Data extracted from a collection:
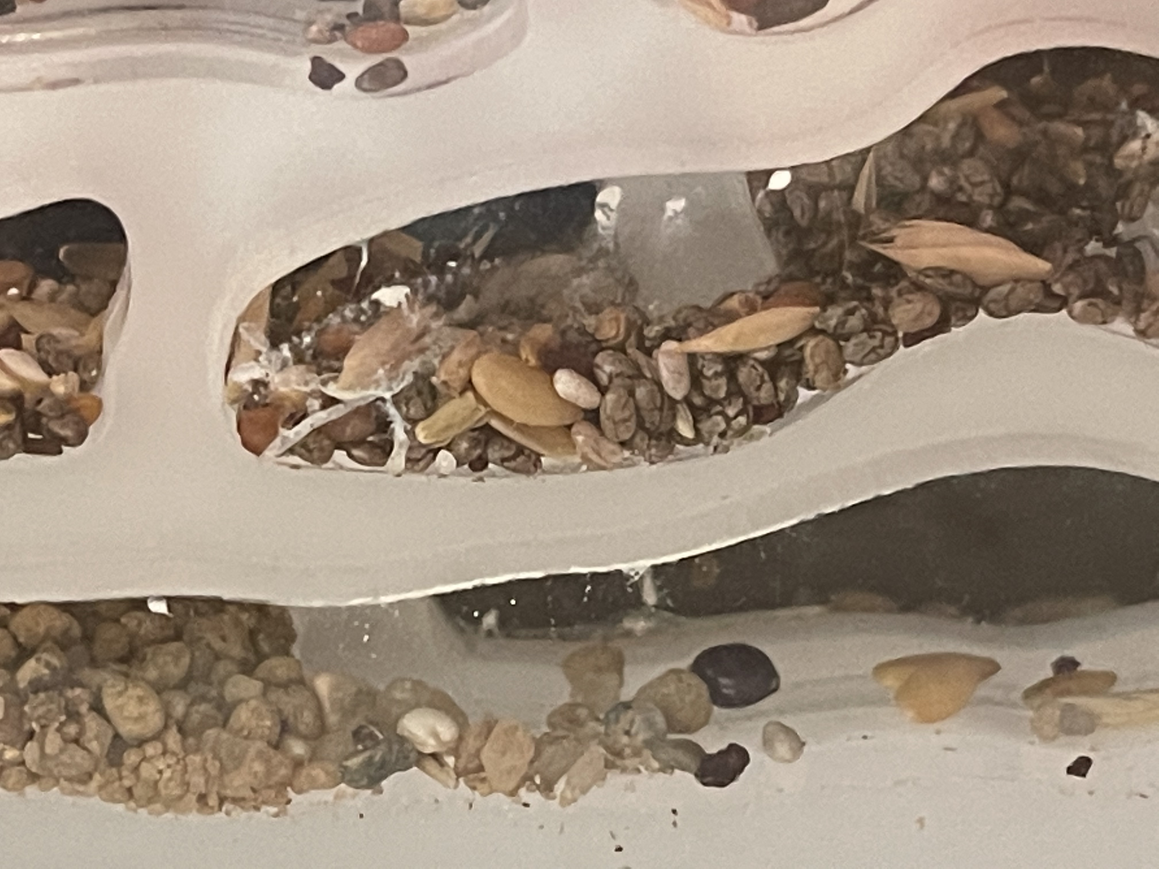 Ist nicht normal das Messor barbarus im Körnerlager Körner zu Ameisenbrot zerbeißen, verarbeiten.
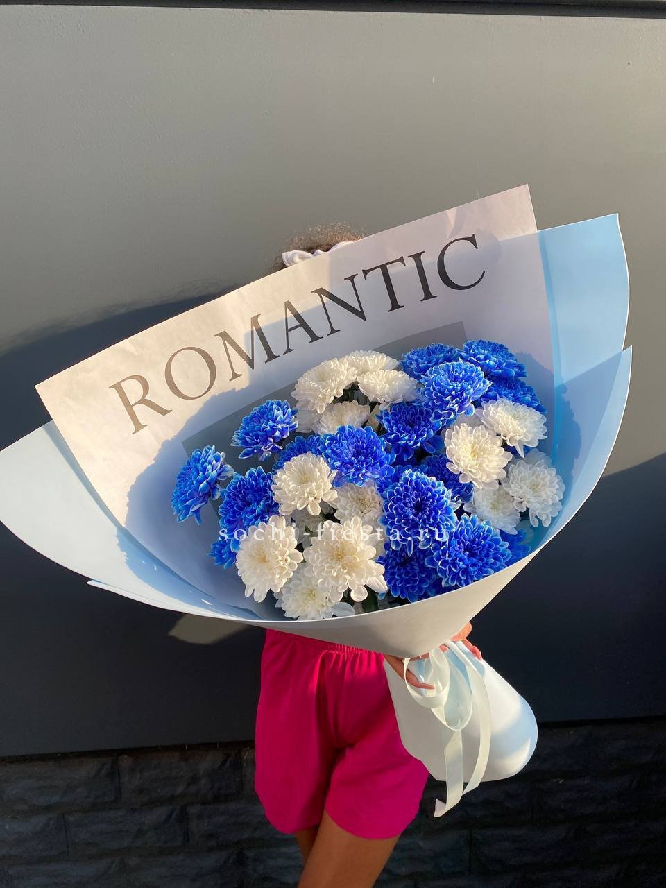 Девять веток кустовой хризантемы в синих оттенках собраны в плотный букет с лаконичной упаковкой. Насыщенный цвет и компактная форма создают яркое визуальное пятно в любом интерьере.
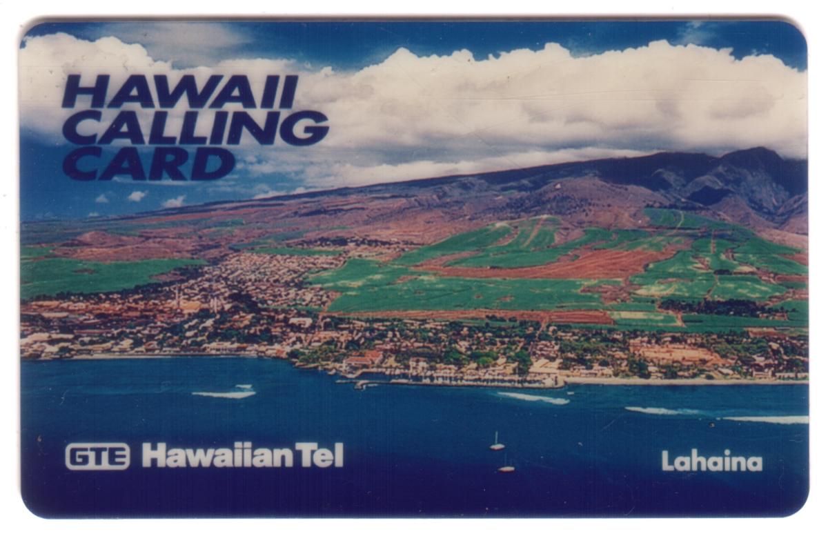 This collectible phone card features an aerial photograph of Lahaina, a town located on the island of Maui, Hawaii. The image vividly captures the coastline, with water in the foreground and a scenic view of the town’s layout against a backdrop of green hills and mountains. The sky above is partly cloudy, creating a dynamic and natural atmosphere over the landscape.
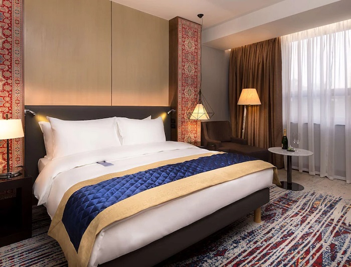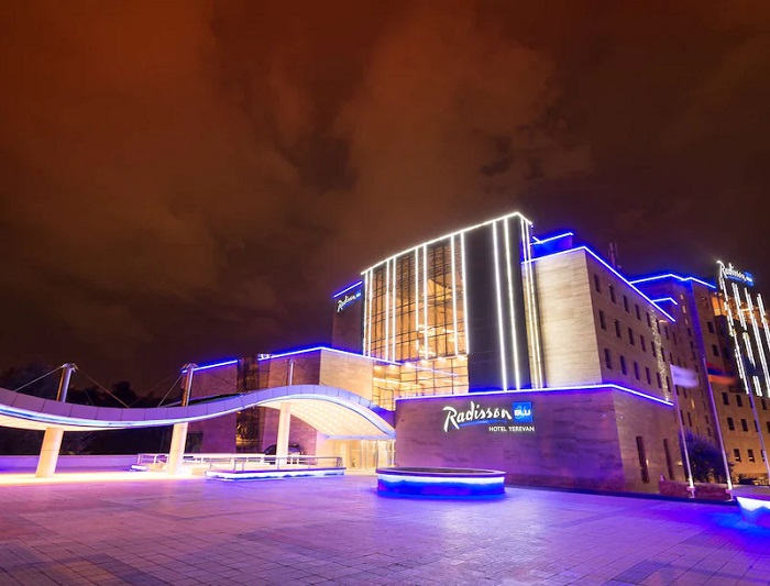 Radisson Blu 5* расположен недалеко от парка Победы и озера Арени, на престижном проспекте Азатутян. Благодаря удачному расположению на возвышенности из его окон открываются прекрасные виды на исторический центр и гору Арарат.
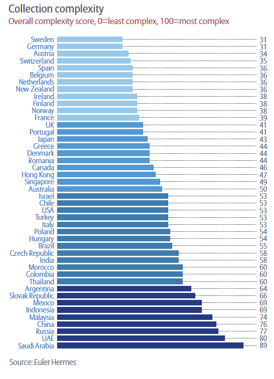- Euler Hermes Ökonomen erstellen Rangliste von 44 Staaten und beurteilen darin den unterschiedlichen Schwierigkeitsgrad beim Eintreiben von ausstehenden Zahlungen

### EXERCISE
The answer must consist solely of the lines from the first line of the records through the line containing "Девять веток кустовой", reproduced exactly and without the pictures.

### ANSWER BELOW
 Ist nicht normal das Messor barbarus im Körnerlager Körner zu Ameisenbrot zerbeißen, verarbeiten.
 Девять веток кустовой хризантемы в синих оттенках собраны в плотный букет с лаконичной упаковкой. Насыщенный цвет и компактная форма создают яркое визуальное пятно в любом интерьере.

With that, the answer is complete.